REVIEW: ‘The Red Palace’ by Jane Hur had me flying through it


Hur gives us lovable characters and a beautifully subtle romance in this historical muder mystery.

A copy of this book was provided by the publisher in exchange for an honest review.

In The Red Palace, Once Hyeon learns the police have taken her mentor into custody, she takes it upon herself to solve the case before a commissioner with a grudge can pin it on the wrong person.

From the Blurb:

Joseon (Korea), 1758. There are few options available to illegitimate daughters in the capital city, but through hard work and study, eighteen-year-old Hyeon has earned a position as a palace nurse. All she wants is to keep her head down, do a good job, and perhaps finally win her estranged father’s approval.

But Hyeon is suddenly thrust into the dark and dangerous world of court politics when someone murders four women in a single night, and the prime suspect is Hyeon’s closest friend and mentor. Determined to prove her beloved teacher’s innocence, Hyeon launches her own secret investigation.

In her hunt for the truth, she encounters Eojin, a young police inspector also searching for the killer. When evidence begins to point to the Crown Prince himself as the murderer, Hyeon and Eojin must work together to search the darkest corners of the palace to uncover the deadly secrets behind the bloodshed.

Jane Hur doesn’t hesitate before launching her readers into the thick of it. The book opens with Hyeon and her fellow nurse being called to be the Crown Prince’s alibi for the night of the murder only for her to stumble upon the crime scene herself when leaving the palace. What ensues is a fast-paced adventure that brings two people together amidst political turmoil.

Hyeon is the heart and soul of this book.
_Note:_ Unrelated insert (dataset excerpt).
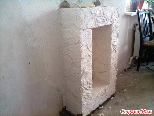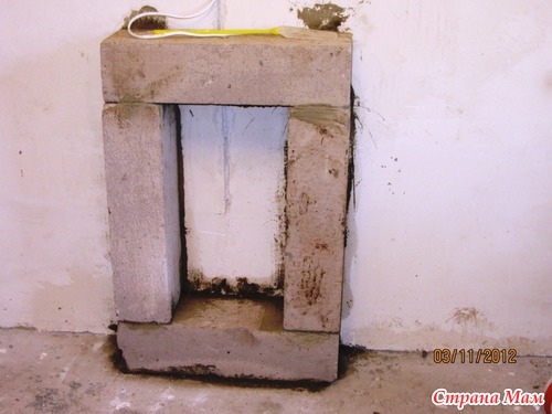 Гостиная у нас будет в стиле "кантри". Место под камин мы отвели по центру стены между двух окон. Топку необходимо строить из невозгораемых материалов. В нашем случае - пенобетон +шпатлевка.

She is a woman out of wedlock so she grows up shunned by society and kept at arms-length by her family, meaning she has to work twice as hard as others to get a respectable position. This determination really defines her character, as does her kindness, since she goes above and beyond for those close to her: even the family that would reject her. Throughout the course of the investigation, Hyeon learns to open herself up and let others in. Rather than relying entirely on herself, she comes to trust Eojin. When they first meet he doesn’t want her interfering, but he comes to see her usefulness in the investigation. From there, their relationship takes off in subtle manner, with small touches and lingering glances that continue throughout.

One of the more interesting things Hur did in regards to Hyeon is explore her relationship with her family. Growing up, Hyeon’s father pushed her away, yet she fears his disappointment strongly throughout much of the book. On the other hand, she thought her mother cold. Without spoiling too much, she reconciles with her family in unexpected ways that gave her character a lot more depth than I expected.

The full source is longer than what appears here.